300 BOSTON SCIENTIFIC WAY
MARLBOROUGH, MA01752-1234
SVP&Pres, Periph Intervent
Signatures
/s/ Vance R. Brown, Attorney-in-fact 03/02/2017
Signature of Reporting Person Date
Explanation of Responses:
( 1 )On February 24, 2014, the reporting person was awarded a target number of performance share units under the Company's 2014 Total Shareholder Return Performance Share Program, the actual number of which to be earned by the reporting person was based on the Company's total shareholder return performance percentile relative to that of the other companies in the S&P 500 Healthcare Index over the three annual performance cycles comprising the three-year period ended December 31, 2016 and was subject to the completion of the concurrent three-year individual service period. On February 28, 2017, the number of the target performance share units as to which the performance criteria had been satisfied was determined and the individual service period was satisfied.
( 2 )Includes shares acquired under the Boston Scientific Global Employee Stock Purchase Plan based upon the most current data available.
( 3 )Each deferred stock unit represents the Company's commitment to issue one share of Boston Scientific common stock.
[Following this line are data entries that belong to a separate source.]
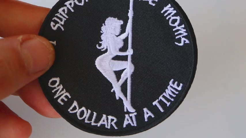 The "I Support Single Moms One Dollar at a Time" Naughty Iron-On Patch measures 3x3 inches and offers a playful, cheeky design embroidered in black and white. This patch is perfect for anyone looking to add a humorous touch to their jackets, vests, hats, or bags. It’s suitable for denim, leather (sew-on), backpacks, or casual wear, making it versatile for any style.
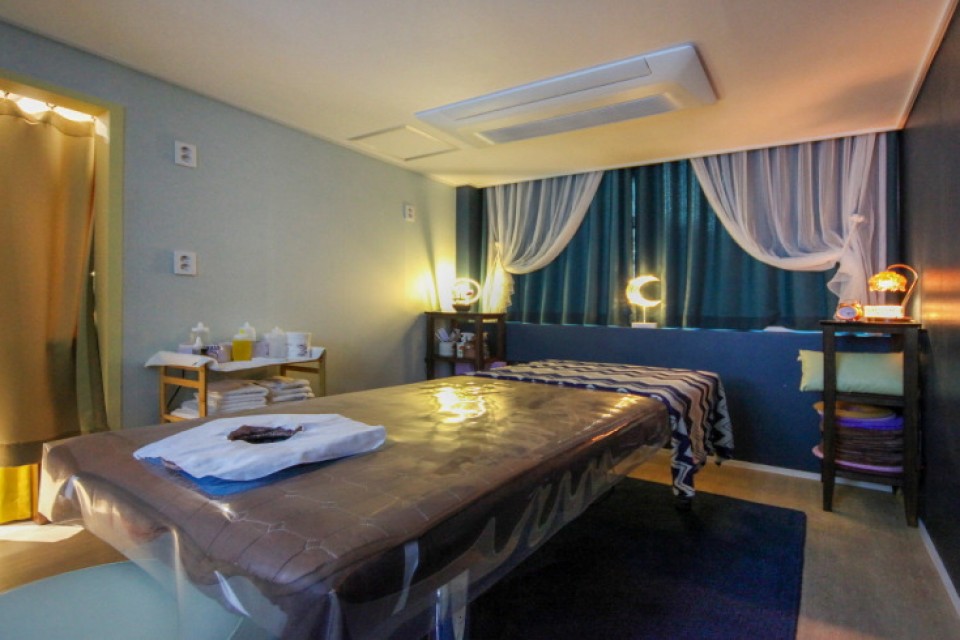 *슈얼테라피 관리 : 아로마 오일을 사용함으로써 피부에 영양공급과 혈액순환을 도와 노폐물 제거, 심신을 감미롭게 이완시키는 관리
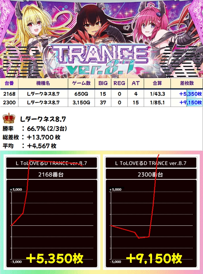 ToLOVEる8.7(2/3台+)➡平均+4567枚
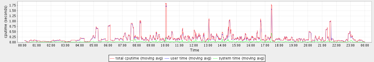 avg(total cputime) = 0.13 avg(user time) = 0.12 avg(system time) = 0.01
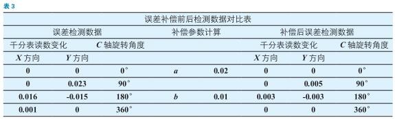(5)X、Y、C 軸做大圓聯(lián)動,觀測并記錄X、Y 兩個方向隨著C 軸角度變化時,千分表讀數(shù)變化;
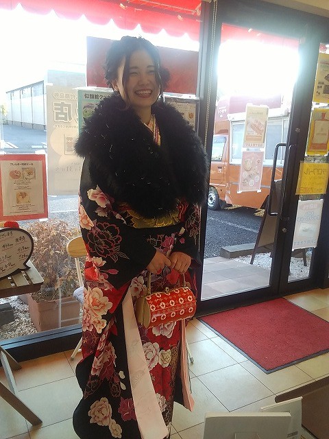 昨年まで働いてくれて、現在某所でパティシエールとして活躍中の新成人も晴れ着姿で来てくれました。
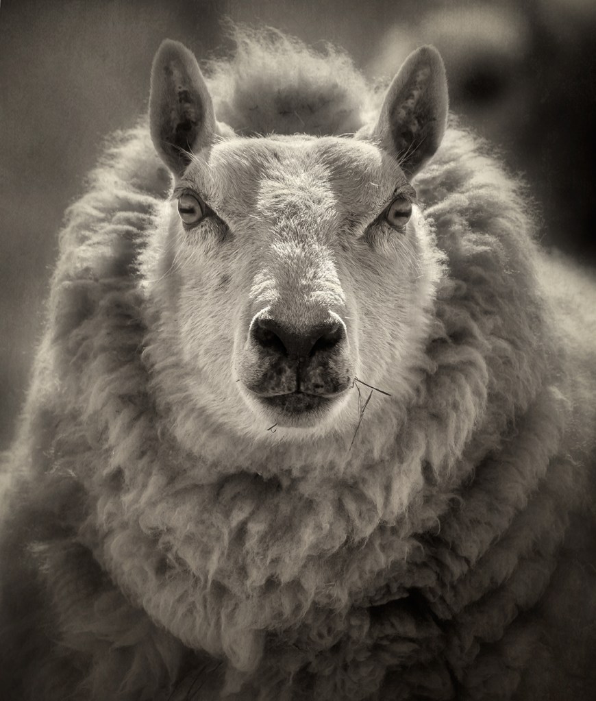 Cheviot sheep face. Grays Chapel, North Carolina.
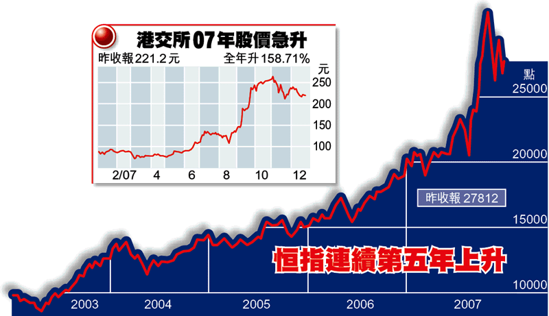 【本報訊】港股2007年威盡!連續第五年上揚外,恒生指數全年爆升39%,為過去8年以來最勁,於發達地區股市中,回報傲視同儕。去年投資者雖頻坐股市過山車、目睹大時代奇迹日,然而大部份埋單計數仍有斬獲,寄望今年再接再厲,在股場上繼續淘金! 記者:黃武榮
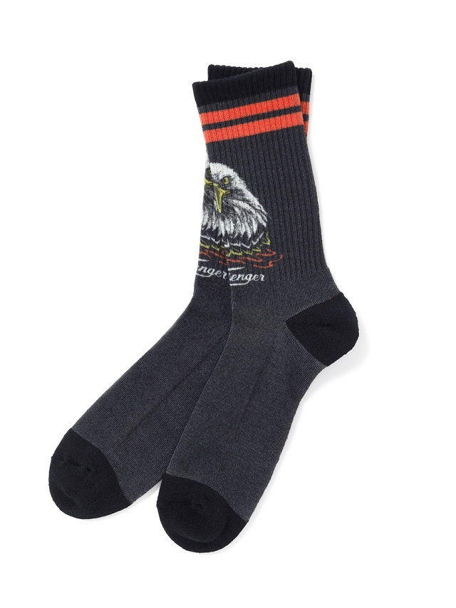 ユーズド感のあるブラックカラーで、足首フロントにはイーグルのグラフィックがジャガードで入ります。
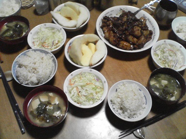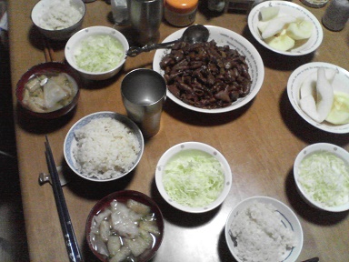 今日は豚ホルモンなどを頂きます。豚ホルモンと玉葱などを炒め、焼き肉のタレで味付けしたもの、ワンタンスープ、都合によりあぶらげ入り?キャベツサラダも頂きます。デザート?リンゴとナシ・・今日もおいしく頂きました。
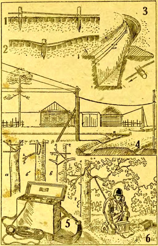 Как прокладывают телефонный кабель: 1 — крепление кабеля колышками на ровной почве, 2 — крепление кабеля в складках местности, 3 — прокладка кабеля в ходе сообщения, 4 — прокладка линии в населенных пунктах и переход линии через дорогу, 5 — полевой телефонный аппарат, 6—телефонист проверяет исправленную линию
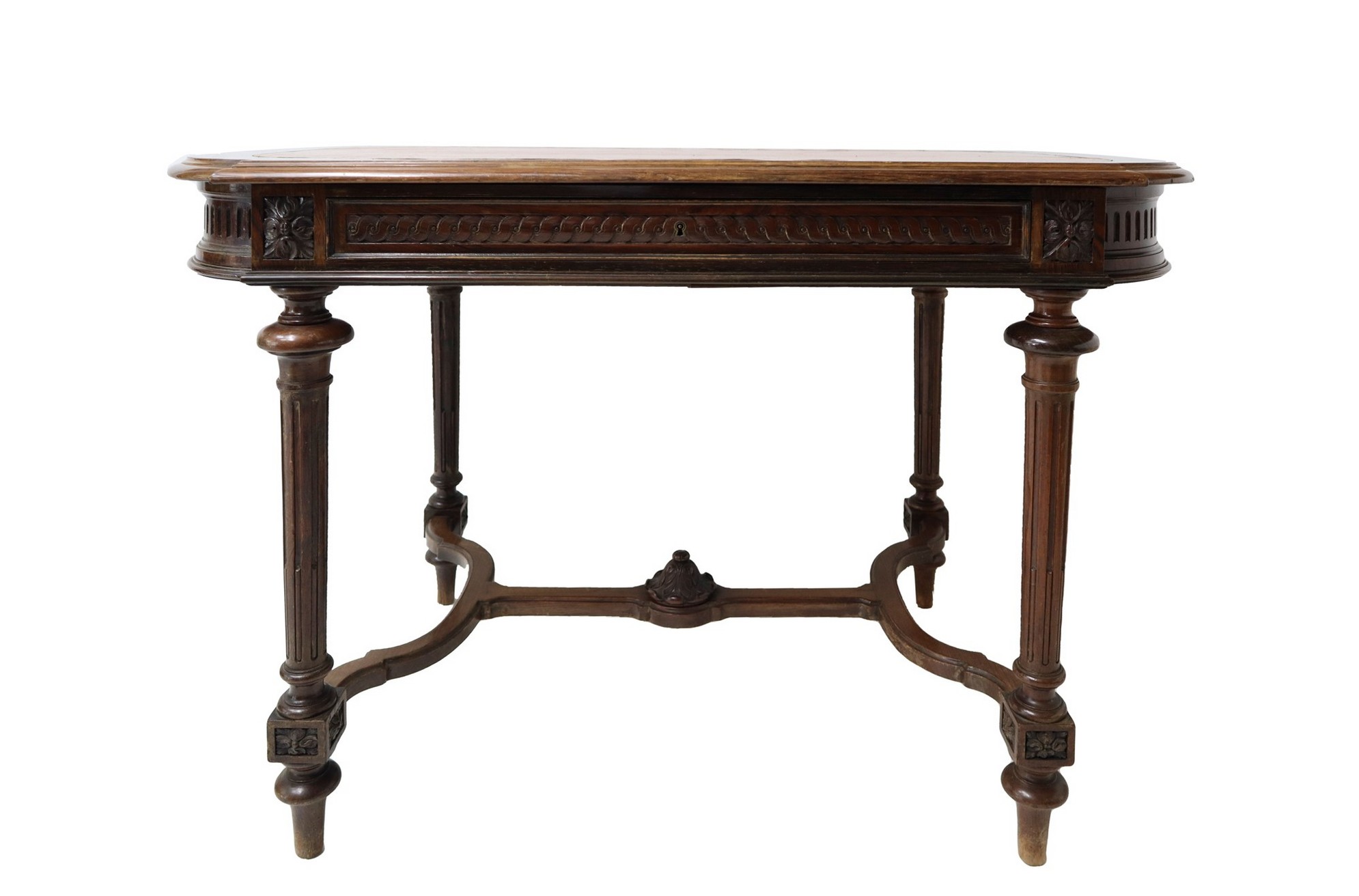 Tavolino ovale con cassetto e piano in pelle, Late 19th century
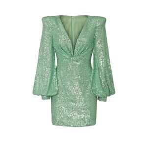 Light green sequins (100% Polyester). Sheath. V-neck. Long sleeves. Back zipper clousre. 32.5" from shoulder to hemline. Imported.

( 4 )Represents the weighted average sale price. These shares were sold in multiple transactions at prices ranging from $24.65 to $24.68, inclusive. The reporting person undertakes to provide upon request by the U.S. Securities and Exchange Commission staff, the issuer or a security holder of the issuer, full information regarding the number of shares sold at each separate price.
( 5 )Shares of common stock will be issued to the reporting person in five equal annual installments beginning on February 28, 2014, the first anniversary of the date of grant.
( 6 )Shares of common stock will be issued to the reporting person in five equal annual installments beginning on February 28, 2018, the first anniversary of the date of grant.
( 7 )Each performance share unit represents the Company's commitment to issue one share of Boston Scientific common stock.
( 8 )On February 22, 2016, the reporting person was awarded a target number of performance share units under the Company's 2016 Free Cash Flow Performance Share Program, the actual number of which to be earned by the reporting person based on the Company's 2016 adjusted free cash flow measured against its 2016 financial plan over the one-year performance period ending December 31, 2016 and subject to the completion of a three-year individual service period (inclusive of the performance period). On February 28, 2017, the number of the target performance share units as to which the performance criteria had been satisfied was determined. The performance share units so determined will vest in whole upon the completion of the individual service period that ends on December 31, 2018.
( 9 )Grant to the reporting person of an option to purchase a specified number of shares of common stock vesting in four equal annual installments beginning on February 28, 2018, the first anniversary of the date of grant.